For several years, the minister at Trinity had been Nelson Trout, a Negro Lutheran who felt somewhat excluded as the head of a minuscule congregation outside the mainstream of Negro religion. His peers from the big Baptist and Methodist churches took neither Trinity nor its pastor very seriously, Trout believed, and it was all he could do to get some of them to turn out for the ceremony that marked the crowning achievement of his work in Montgomery—the dedication of the new parsonage, next door to the church. Ralph Abernathy arrived with King. The two young Baptists attended such functions together so frequently that Trout had come to think of them as a team—Mr. Rough and Mr. Smooth. Abernathy tended to lead King through the crowds, introducing him to selected new people, in a manner that offended Trout because Abernathy was at once so deferential to King and so lordly toward everyone else. Trout found it much easier to talk informally with King, and in a private moment once felt enough at ease to ask as a Lutheran how King, a Negro Baptist, had acquired the name Martin Luther. King looked searchingly at Trout for some time, then smiled and parried with a question of his own: how did a Negro like Trout come to be a Lutheran? Trout laughed. The competition was too rough among the Baptist preachers, he replied, and the Lutherans were begging for Negroes.

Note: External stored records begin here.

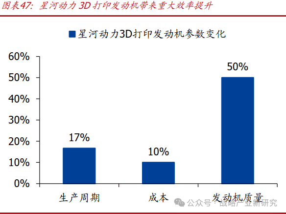 智神星二号CQ-90发动机上□▷,90%以上重量采用3D打印技术制造●▲。3D打印工艺发动机生产周期缩短至1个月内,为传统模式的1/6,制造成本降至原来的10%,同时发动机重量减轻50%,显著提升了运载效率和经济性。一台2500N火箭发动机核心零件的制造成本,从传统工艺的50万元降至3D打印技术的不到5万元△。星河动力在其苍穹50吨级液氧煤油发动机中,涡轮泵3D打印件重量占比约65%,发生器3D打印件重量占比约75%◁,主管路90%为3D打印件,推力室3D打印部分占比约30%,阀门壳体类零件约90%为3D打印制造■。铂力特2024年商业航天领域订单中-☆,星河动力占比超30%。2019年,飞而康科技与星河动力合作,利用华曙高科金属3D打印解决方案▪◁,在4个月内完成30多件火箭发动机零件的交付;
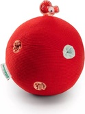 Jasne červená látková senzorická loptička so sliepočkou Paulette. Na povrchu má malé dierky s rôznou textúrou. Deti láka do otvorov strkať prstíky, čím stimulujú zmysly a jemnú motoriku.
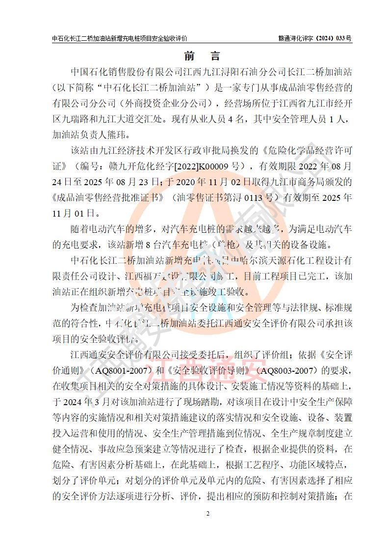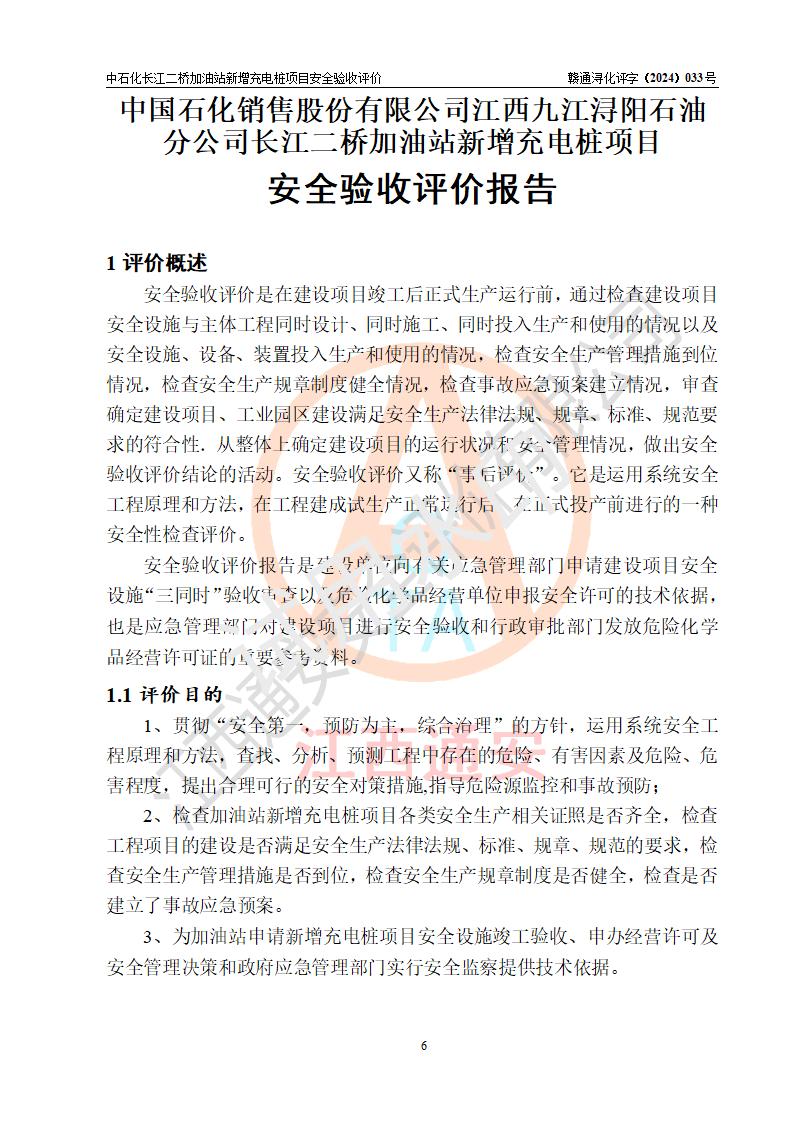 評價(jià)報(bào)告名稱 | 中國石化銷售股份有限公司江西九江潯陽石油分公司長江二橋加油站新增充電樁項(xiàng)目安全驗(yàn)收評價(jià)報(bào)告 | |||

Many years later, Trout would become the first black Lutheran bishop in the Western Hemisphere. On leaving Montgomery in 1955, he failed to anticipate the social friction that his new parsonage would cause—mostly because he assumed that his successor would be a Negro. Lutheran policy changed again, however, and when a white minister named Robert Graetz finished his seminary training that year in Ohio, he found his name on the missionary assignment list among those of his colleagues going to Africa and South America—posted to Trinity Lutheran down in Alabama. Dutifully, Graetz had personal stationery printed up bearing a biblical quotation: “And the angel of the Lord spoke unto Philip saying, ‘Arise, go toward the South.'” Along with his wife and their two toddlers, Graetz headed for Montgomery, where they became the first of Trinity's white pastoral families to live in Trout's parsonage among the Negro parishioners.

The Graetzes discovered instantly that the social effects of the new location were severe. Previously, Montgomery whites had allowed Trinity pastors to live among them and preach to Negro Lutherans, on much the same social calculus that allowed doctors to visit a brothel in a medical emergency. Now that they were living in the brothel, however, the Graetzes forfeited their modicum of acceptability. Local whites shunned them everywhere from the laundromat to the supermarket. In most respects, the Graetz family lived as though they were Negroes, but their white skin produced some unprecedented legal contortions. Because they always chose to sit in the upstairs Negro section of movie theaters, for instance, theater owners worried that to sell them tickets might bring down Alabama's legal sanctions against establishments that “sponsored” interracial public meetings. (Those same laws made it technically illegal for Graetz to preach in his own church.) The theater owners' solution was to let them in free. Montgomery's ticket takers soon learned the face of every Graetz and knew to whisk them all rapidly into the theater, so as to minimize the ire of paying white customers. Reverend Graetz tried repeatedly to pay, believing that he should not profit from his Christian witness. The owners would not hear of it.